## Data provided
————
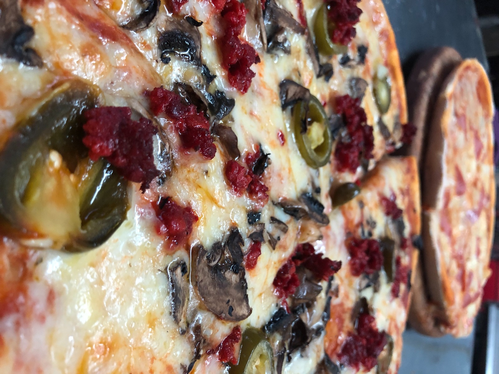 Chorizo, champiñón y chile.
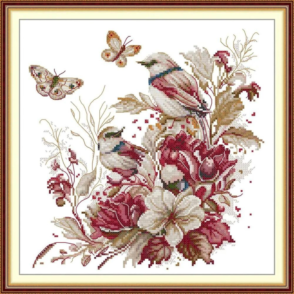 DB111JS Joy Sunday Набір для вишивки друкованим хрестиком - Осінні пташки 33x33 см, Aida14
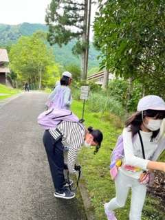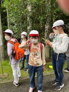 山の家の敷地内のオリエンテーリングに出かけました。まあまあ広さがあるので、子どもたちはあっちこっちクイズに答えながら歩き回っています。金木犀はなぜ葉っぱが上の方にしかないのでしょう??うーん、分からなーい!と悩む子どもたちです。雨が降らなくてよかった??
————
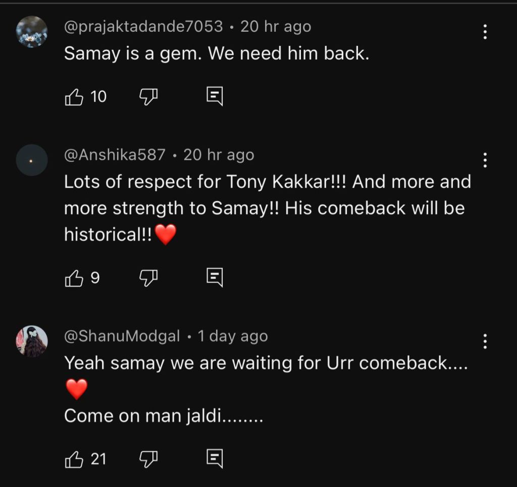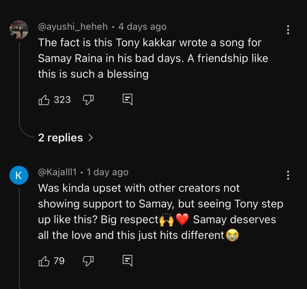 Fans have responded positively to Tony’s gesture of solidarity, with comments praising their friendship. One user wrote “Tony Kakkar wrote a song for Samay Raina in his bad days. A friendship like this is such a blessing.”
————
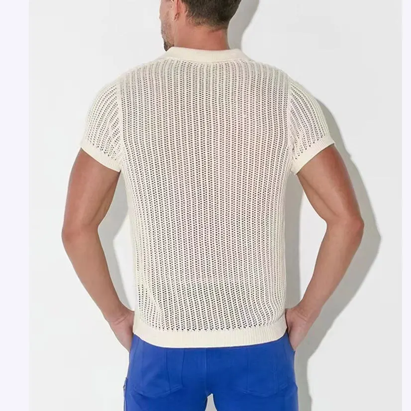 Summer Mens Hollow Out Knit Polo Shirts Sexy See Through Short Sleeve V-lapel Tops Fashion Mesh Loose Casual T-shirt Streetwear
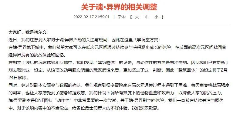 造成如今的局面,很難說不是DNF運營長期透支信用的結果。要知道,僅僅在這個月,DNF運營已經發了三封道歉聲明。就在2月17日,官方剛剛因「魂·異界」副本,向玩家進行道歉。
————
Copy word for word the lines above, starting at the line containing "DB111JS Joy Sunday" and ending at the line containing "山の家の敷地内のオリエンテー", inclusive, with no pictures.

 DB111JS Joy Sunday Набір для вишивки друкованим хрестиком - Осінні пташки 33x33 см, Aida14
 山の家の敷地内のオリエンテーリングに出かけました。まあまあ広さがあるので、子どもたちはあっちこっちクイズに答えながら歩き回っています。金木犀はなぜ葉っぱが上の方にしかないのでしょう??うーん、分からなーい!と悩む子どもたちです。雨が降らなくてよかった??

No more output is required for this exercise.